A few days ago Mr Mugabe arrested and charged 100 opposition supporters for holding "illegal rallies". A dozen journalists have been charged for publishing "false news".

"If anybody had thought that after winning the presidential election Mr Mugabe would come back to his senses ... then they were obviously mistaken," the University of Zimbabwe law professor Lovemore Madhuku said.

"What we have seen is the Zimbabwe crisis getting worse by the day as Mr Mugabe seeks to secure his controversial re-election and silence critics."

It is not only the white farmers who will lose from Mr Mugabe's drive to confiscate their properties.

Landowners have been left with no option but to lay off at least 232,000 farm workers due to the uncertainties created by Mr Mugabe's land seizures.

Nor have black farm workers benefited as they had hoped to from the government's resettlement programme.

Several civic society groups had urged the Mugabe government to give them preference under the scheme because of their agricultural experience, gained from working with white landowners.

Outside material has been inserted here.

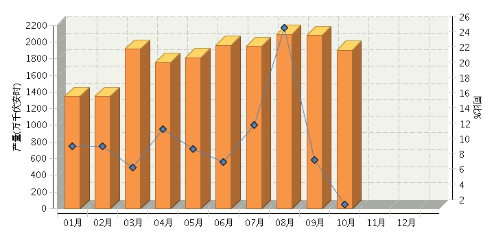 根据国家统计局公布数据,2014年1~10月全国铅酸蓄电池行业累计完成产量18,740.30万千伏安时,同比增长10.00%。其中:10月份完成产量1904.61万千伏安时,同比增长2.55%。2014年全国铅酸蓄电池行业月度产量及同比如下图所示。

And the government had promised that its land resettlement programme would alleviate the poverty of ordinary Zimbabweans by giving them plots of land on which to grow crops.

But despite that, the Farm Community Trust (FCT), a non-governmental organisation dealing with farm workers, estimates that only less than two per cent of the 220,000 black families allocated land so far are black farm labourers.

And the General Agriculture and Plantation Workers Union of Zimbabwe (GAPWUZ) says that many farm workers are living in abject poverty.

The union is mobilising resources to provide food relief to such workers, most of whom had been left sidelined in the allocation of the land because of the disturbances on the commercial farms.

Indications are that farmland seized by Mr Mugabe from whites has instead been distributed among his relatives, friends, ministers, cronies and party supporters. The reports have done little to mollify the whites being dispossessed of their land.

But Mr Clark believes that the situation in Zimbabwe, once a breadbasket for Africa, might still be salvaged.

"We need to urgently sit down as Zimbabweans, black and white, and define what is good for our country," he said.

But unless Mr Mugabe alters the direction in which his government is going, many believe there is no chance of that happening.

A Nation in Crisis

¿ 6.1 million people need food aid. The famine is the result of the worst drought in 20 years and the disruption caused by land invasions.

¿ Maize planted by large-scale farmers has declined from 74,000 hectares in 2001 to an estimated 61,800ha – 62 per cent lower than 1999-2000.

¿ Cereal production at 670,000 tonnes has dropped 57 per cent compared to last year and 67 per cent compared to 1999-2000.

¿ Maize production at 480,000 tonnes is estimated to be 67 per cent less than last year and 77 per cent less than 1999-2000.

¿ Cereal import needs, including maize, is up to 1.8 billion tonnes.

¿ More than one in four children is believed to be malnourished.

¿ Some 75 per cent of the population has been classified as poor.